Italys post-fact immigration debate
MILAN — In the Italian immigration debate, the facts no longer seem to matter.
Ask an average Italian what percentage of the countrys population was born abroad and the answer youll get — according to the research firm Ipsos Mori — is 26 percent. The actual number is 9.5 percent.
Similarly, 11 months after a sudden, lasting drop in irregular sea arrivals to Italy, 51 percent of Italians still believe the number of migrants arriving in Italian ports is “similar or higher” than before, according to a recent survey published by the newspaper Corriere della Sera.

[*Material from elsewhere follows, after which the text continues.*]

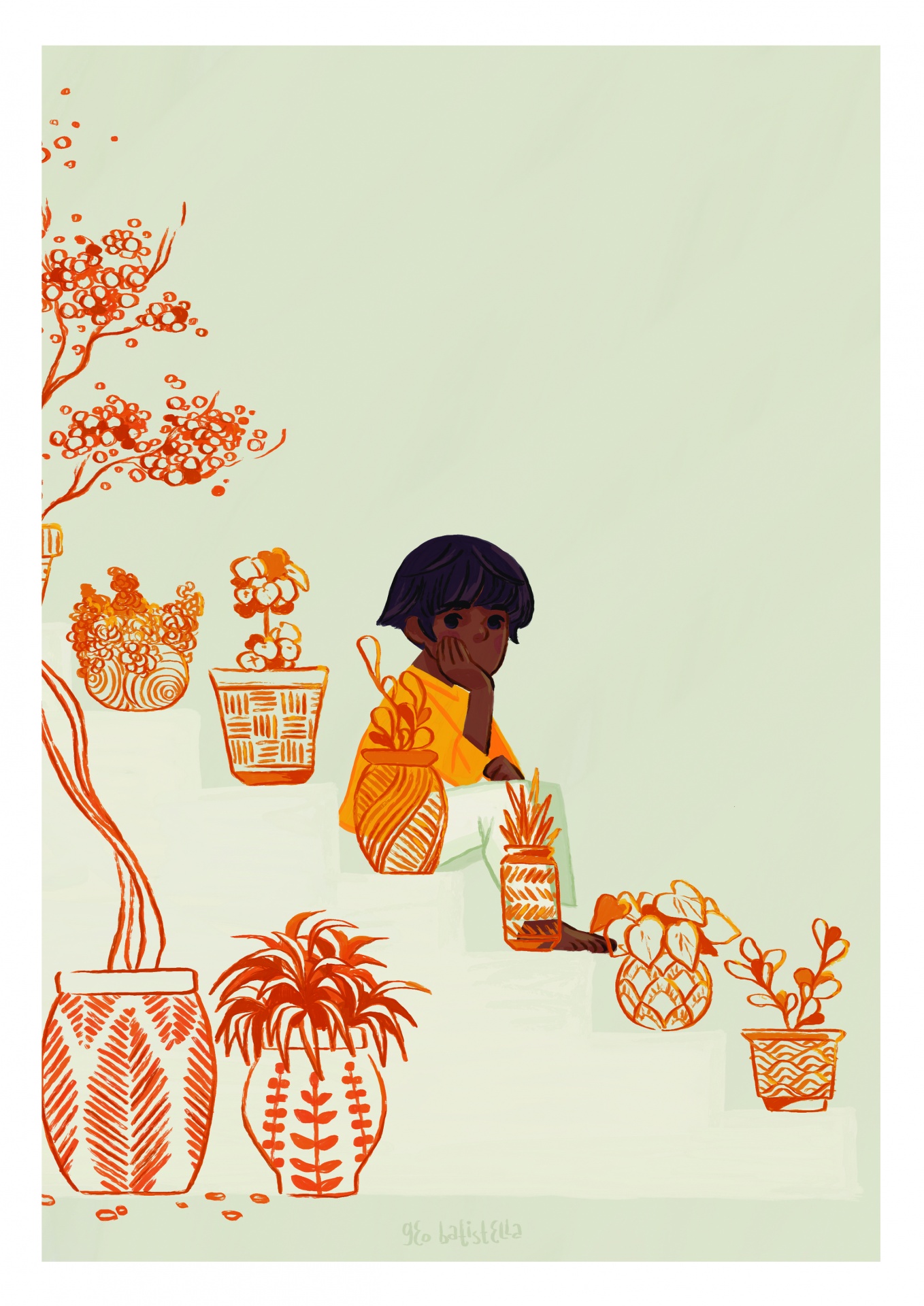 • Ilustração de criança sentada em escada rodeada por vasos de plantas em tons laranja e amarelo

The truth: Arrivals are almost 80 percent lower than they were nearly a year ago.
The problem is not unique to Italy. Across Europe, and indeed the world, the dominant political discourse has become increasingly dissociated from reality. The Ipsos Mori survey found similarly inflated perceptions about the foreign-born population in France, Germany, Belgium and the Netherlands. And, according to another recent study, Germans estimate the unemployment rate among immigrants at 40 percent. The true figure is less than 8 percent.

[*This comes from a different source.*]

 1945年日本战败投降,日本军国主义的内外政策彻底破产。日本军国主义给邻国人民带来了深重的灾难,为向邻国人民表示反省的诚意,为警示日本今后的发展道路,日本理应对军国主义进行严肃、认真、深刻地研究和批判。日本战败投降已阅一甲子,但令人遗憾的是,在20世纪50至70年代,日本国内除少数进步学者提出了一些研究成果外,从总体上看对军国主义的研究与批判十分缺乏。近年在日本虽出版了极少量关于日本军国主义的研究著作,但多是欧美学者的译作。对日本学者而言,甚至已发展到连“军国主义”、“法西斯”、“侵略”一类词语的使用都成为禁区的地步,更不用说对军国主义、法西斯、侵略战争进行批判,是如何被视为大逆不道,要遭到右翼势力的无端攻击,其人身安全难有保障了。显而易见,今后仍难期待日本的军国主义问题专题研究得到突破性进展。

Despite a proliferation of widely available and ever more accurate data, public perception on immigration continues to be shaped by politicians who happily ignore the facts — or bend the numbers to fit their stories. And the perception they shape is ultimately expressed in both policies and political outcomes.
Just look at the headlines. The number of irregular crossings between Germany and Austria has plummeted, but that hasnt stopped the phenomenon from sparking a political crisis in Berlin and Brussels. And despite overwhelming evidence that the biggest driver of migrants across the Mediterranean are conditions back home, the European political discourse remains dominated by the idea that NGO rescue operations are a significant pull factor.
The temptation is to hide behind numbers, dismissing skeptical voices as uninformed, and thus not worthy of attention. This has not worked in the past, and it will not work today.
The devaluation of data has critical implications for policymaking; its impact is even being felt in the traditionally technocratic realm of long-term planning in the European Union. In its proposal for the 2021-2027 Multiannual Financial Framework (the blocs seven-year budget), for example, the European Commission has proposed nearly tripling the amount of money devoted to asylum and migration, from €13 billion to €35 billion.
But while funds for securing the EUs external borders will nearly quadruple (from €5.6 to €21.3 billion), money devoted to integration — an area that experts agree is essential for the long-term management of immigrants — will most likely remain at current levels. This is a direct reflection of pressure created by politicians who have zeroed in on closing the blocs external borders, despite the fact that new arrivals are down and a long-term solution requires attention to integrating those who stay.
For technocrats accustomed to being armed with facts and figures, the triumph of political narratives over hard fact presents a real challenge. The temptation is to hide behind numbers, dismissing skeptical voices as uninformed, and thus not worthy of attention. This has not worked in the past, and it will not work today.
The situation has reached a dangerous impasse, as evidenced by recurring standoffs between countries, like Greece and Italy, where immigrants are most likely to enter the EU, and those, like Germany and Austria, more worried about migrants traveling between countries. Loud voices calling for radical solutions to perceived problems — divorced as they may be from fact — are attractive to voters not only because they play into their fears, but because they speak to their desire for someone to take charge and “fix” the situation.
Liberal minds need to wade into the debate, not shy away from it. But there is also a need to change tack in terms of the counternarratives that we employ.
Politicians and experts need to show much more empathy when it comes to the opinions and beliefs of ordinary people. Fears and doubts need to be understood — not dismissed. This takes time and patience, but the center is much less polarized than we often believe it to be.
For example, if a country is asked whether “it is right” to welcome foreigners, the response is likely to be highly polarized — and the political response highly polarizing. But try asking a more subtle question: Which do you prefer, a foreigner with no residence permit, unable to find legal work and thus more likely to fall prey to criminal organizations, or a regular, tax-paying immigrant? And a possibility of finding common ground emerges.
Tapping into fear has always been easier than trying to find viable solutions, but that should not stop liberal-minded politicians from trying. The room for calm public discourse may have shrunk, but there is still plenty of space for data and facts. We just need to use them more carefully — and more compassionately.